THe outcome of the below code is pre-processed but still raw data.


"extracted_text" variable has "StringIO" type: The StringIO object is part of Python's io module and is a class that provides an in-memory file-like object that can be used for reading from or writing to strings as if they were files. It allows you to treat strings as file-like objects, which can be useful in various situations, such as when you want to read from or write to a string in a way that mimics file operations.


In [69]:
# import of libraries
from io import StringIO # extracted_text is the main variable, contains the whole text of document in stringIO format in memory
import requests
import re  # provides reg. exp. support
import math

from pdfminer.converter import TextConverter
from pdfminer.layout import LAParams
from pdfminer.pdfdocument import PDFDocument
from pdfminer.pdfinterp import PDFResourceManager, PDFPageInterpreter
from pdfminer.pdfpage import PDFPage
from pdfminer.pdfparser import PDFParser
import fitz
import nltk
from nltk.corpus import stopwords
import spacy
import torch
from transformers import AutoTokenizer, AutoModelForQuestionAnswering
import sentencepiece
from transformers import T5ForConditionalGeneration, T5Tokenizer, BertForQuestionAnswering, BertTokenizer

In [60]:
#!pip install -U pip setuptools wheel
#!pip install -U spacy
#!python -m spacy download en_core_web_sm
#!pip install PyMuPDF # this is fitz


In [73]:
# downloading pdf to '/data/' folder
url = 'https://astqb.org/assets/documents/ISTQB_CTFL_Syllabus-v4.0.pdf'
r = requests.get(url, allow_redirects=True)
open('data/ISTQB_CTFL_Syllabus-v4.0.pdf', 'wb').write(r.content)

1113747

r"Page \d{4,74} of 74"

In [74]:
#converting pdf to text and saving into .txt file initial version
output_string = StringIO()
output_file_path = 'data/ISTQB_CTFL_Syllabus-v4.0.txt'
with open('data/ISTQB_CTFL_Syllabus-v4.0.pdf', 'rb') as in_file, open(output_file_path, 'w', encoding='utf-8') as out_file:
    parser = PDFParser(in_file)
    doc = PDFDocument(parser)
    rsrcmgr = PDFResourceManager()
    device = TextConverter(rsrcmgr, output_string, laparams=LAParams())
    interpreter = PDFPageInterpreter(rsrcmgr, device)
    for page in PDFPage.create_pages(doc):
        interpreter.process_page(page)
    # Getting the extracted text from StringIO, it means the entire text extracted from the PDF is stored as a single string in memory.
    extracted_text = output_string.getvalue()
    # Writing the extracted text to the output file
    out_file.write(extracted_text)

# Closing the stream
output_string.close()


# Printing message to indicate that the text has been saved to the file
print(f"Extracted text for 'The Certified Tester Foundation Level in Software Testing' saved to '{output_file_path}'")

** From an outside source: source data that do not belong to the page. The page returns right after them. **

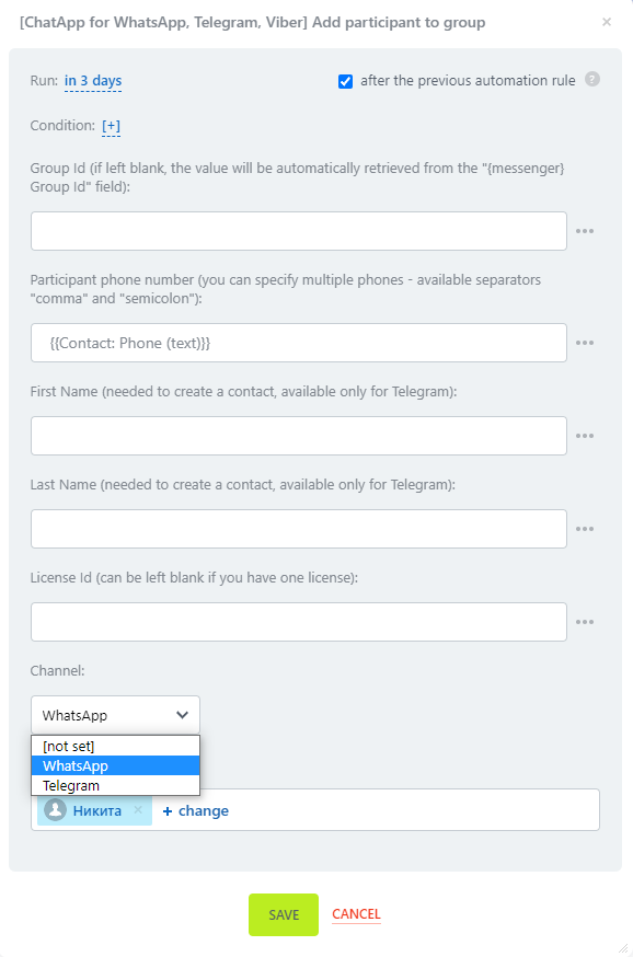 The Automation rule is created so that after the transition of the deal to a certain stage, the WhatsApp or Telegram number is automatically added to the already-created group
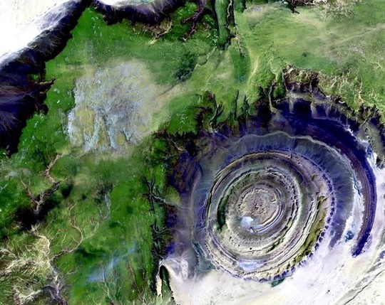 Đứng trên mặt đất thì rất khó thấy được “con mắt” này. Nhưng nhìn từ trên cao sẽ thấy rất rõ những vòng tròn đồng tâm lan tỏa với đường kính hơn 40 km trên sa mạc Sahara, gần thị trấn Ouadane ở miền Trung – Tây Mauritania.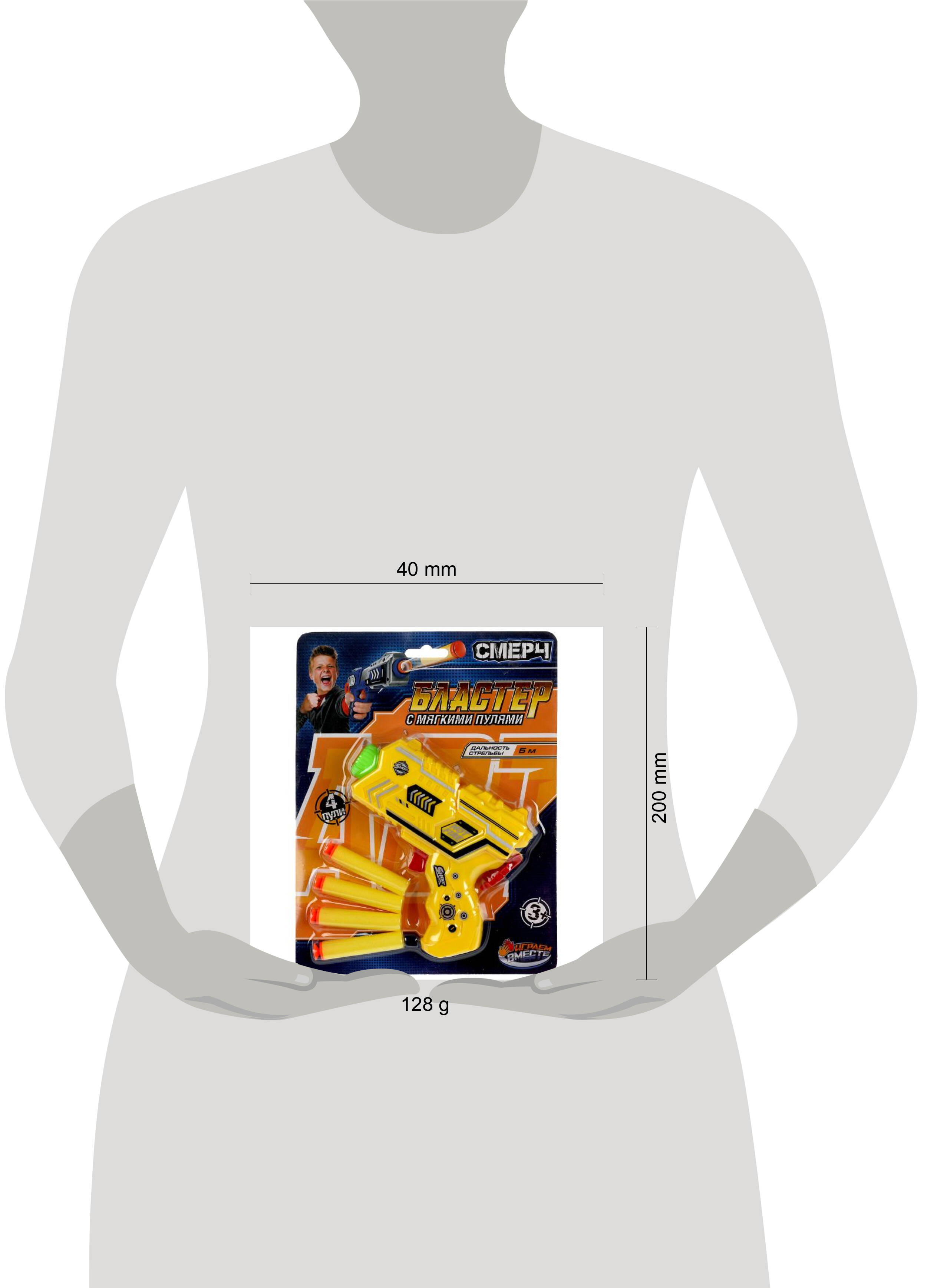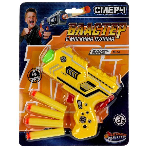Бластер мягкие пули, блист.20*26*4см ИГРАЕМ ВМЕСТЕ в кор.2*72шт

Extracted text for 'The Certified Tester Foundation Level in Software Testing' saved to 'data/ISTQB_CTFL_Syllabus-v4.0.txt'


In [None]:
# let us check size of StringIO on the full size of converted file, just out of curiosity
size_bytes = len(extracted_text.encode('utf-8'))
print ('The length of string in bytes : ' + str (size_bytes))

# function's code is taken from stackoverflow ---
def convert_size(size_bytes):
   if size_bytes == 0:
       return "0B"
   size_name = ("B", "KB", "MB", "GB", "TB", "PB", "EB", "ZB", "YB")
   i = int(math.floor(math.log(size_bytes, 1024)))
   p = math.pow(1024, i)
   s = round(size_bytes / p, 2)
   return "%s %s" % (s, size_name[i])
# ---
print("File size, document contains 70+ pages: ", convert_size(size_bytes))

In [None]:
# Looking up for the text to remove everything before it
target_text = "1.1. What is Testing?"

# Finding the position of the target text in the extracted text
start_position = extracted_text.find(target_text)

# Checking if the target text was found, just in case
if start_position != -1:
    # Removing everything before the target text
    extracted_text = extracted_text[start_position:]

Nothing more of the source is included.